Sources of Vitamin D
The most natural method for getting enough Vitamin D is through good ol’ sunshine. While sunshine may be best, those living farther from the equator or those who stay inside all day – especially in the autumn and winter months – will often experience a dramatic drop in vitamin D status. Glass windows, allow light to pass but can act as a barrier to UVB rays, the most beneficial rays for vitamin D synthesis.   This is why supplementation is a must for most people.
What is the Best Amount of Vitamin D3?
When it comes to setting a uniform value for vitamin D, there are a few opinions. The Food and Nutrition Board (FNB) established the now common 400 IU (international units) per day standard; the Institute of Medicine recommends 600 IU per day. These values are said to help blood levels achieve 20 ng/mL and 30 ng/mL, respectively.
Other experts recommend 1,000-1,500 IU per day.  This typically generates a 60 ng/mL blood level. Even then, this may not be enough. An article in Osteoporosis International suggests 2,000-3,000 IUs be taken every day, especially by the elderly. Some cases of vitamin D deficiency may require up to 10,000 IU per day.
In our experience, 5,000 IUs per day seems to accommodate the needs of most people, especially when you're taking a high-quality vitamin D supplement like our Vitamin D3.
Optimal Blood Levels of Vitamin D
With all the research into vitamin D and human health, it’s a wonder so many health organizations continue to disagree on the correct amount of D3 that should be circulating in your blood! On average, most believe a level between 40-80 ng/mL is suitable for most people. 
How Much Vitamin D is Too Much?
Vitamin D toxicity is rare but it can happen if you take extreme doses of vitamin D supplements. The biggest concern with vitamin D toxicity is an accumulation of calcium in your blood. This condition, known as hypercalcemia, can cause poor appetite, nausea, vomiting, weakness, and kidney concerns. Taking 50,000 IU a day of vitamin D for several months has been shown to cause toxicity. This level is many times higher than any recommended allowance. Always talk to your doctor before taking extreme serving sizes beyond what's recommended.
Testing for Vitamin D
How can we know what our Vitamin D status is at any given moment? Blood measurements.  This is the only sure method to assess Vitamin D levels with certainty. The blood marker to check for is called 25(OH)D, short for 25 hydroxyvitamin-D, and it ranges from 0 to 100 ng/mL (most people aim for a number somewhere in the high middle).

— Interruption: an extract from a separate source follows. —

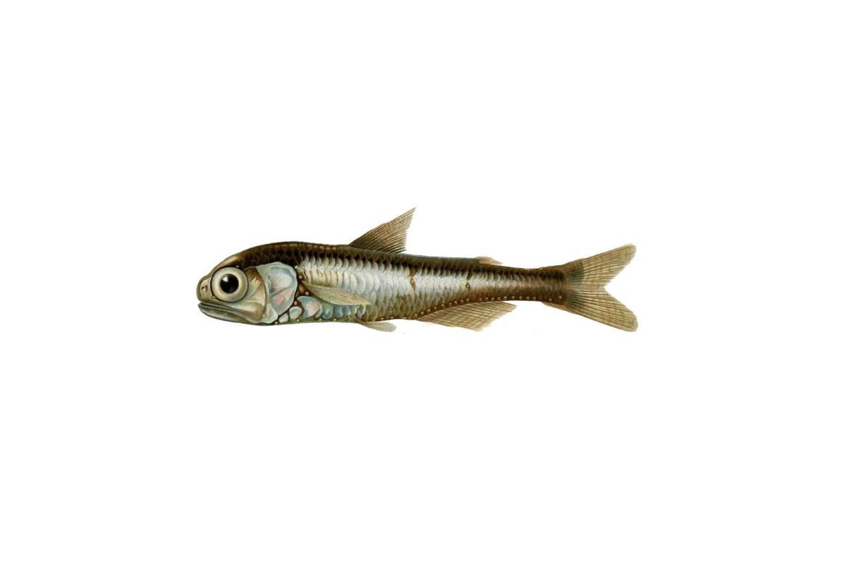 Desloca-se por diferentes profundidades entre o dia e a noite. De cor prateada, os machos medem cerca de 8 cm e as fêmeas cerca de 5 cm. É classificado como de Menor Preocupação.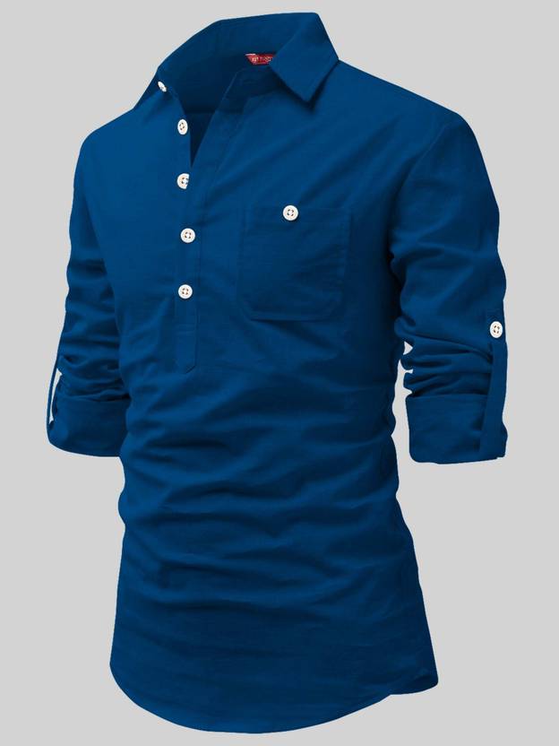 Elevate your style with the Yugnik Men's Sky Blue Spread Collor Cotton Short Kurta. Suitable for any occasion, festival, or party celebration, this versatile kurta is a wardrobe essential. Product Details: 👕 Gender: Men 🔹 Pattern: Solid 🌟 Design Type: Plain 🎨 Available Colors: Beige, Black, Dark Teal, Golden, Green, Light Green, Grey, Maroon, Navy Blue, Orange, Peach, Pista, Red, Royal Blue, Sky Blue, Turquoise, White, Yellow 🔒 Closure: Button 👔 Sleeve: Full Sleeve 🔄 Sleeve Style: Roll-Up Sleeve ↔️ Waist Rise: Mid-Rise 👘 Collar: Spread Collar ➰ Hemline: Curved 🌿 Fabric: Cotton 📏 Product Length: Short 📦 Pack of: 1 🧼 Material & Care: Cotton Fabric, Hand and Machine Wash 🌟 Top Feature: Roll-up sleeve design for adjustable styling and convenience, Chinese collar for a contemporary touch. 👔 How to Style: Formal Elegance: Pair this kurta with tailored trousers and polished dress shoes for a refined and sophisticated look suitable for formal gatherings or office meetings. Casual Cool: Opt for a laid-back vibe by teaming this kurta with denim jeans and sneakers, perfect for casual outings or weekend hangouts with friends. Festive Finesse: Elevate your festive ensemble by pairing this kurta with traditional ethnic bottoms like churidar or dhoti pants. Add a statement stole or scarf for extra flair. Layered Look: Create a fusion of traditional and contemporary style by layering this kurta with a waistcoat or Nehru jacket. This combination exudes elegance and sophistication. Accessorize with Panache: Enhance your look with ethnic accessories such as beaded necklaces, bracelets, or a stylish watch to make a fashion statement. Versatile Pairing: This kurta pairs effortlessly with various bottom wear options including jeans, trousers, churidars, or dhotis, offering versatility for different occasions. All-Season Essential: Crafted from lightweight and breathable cotton fabric, this kurta ensures comfort throughout the year, making it a wardrobe staple for every season.

Fortunately, as Vitamin D awareness and importance has grown, getting your blood tested is becoming a far more common request and it's not uncommon for insurance to cover it. Based on the research, investigations, and extensive experience of the aforementioned experts in the field, a safe, somewhat general recommendation is to consume between 2,000 IU to 4,000 IU/day (3,000 IU/day avg.) of Vitamin D3 (cholecalciferol). To ensure optimal supplementation, look into getting tested for 25(OH)D.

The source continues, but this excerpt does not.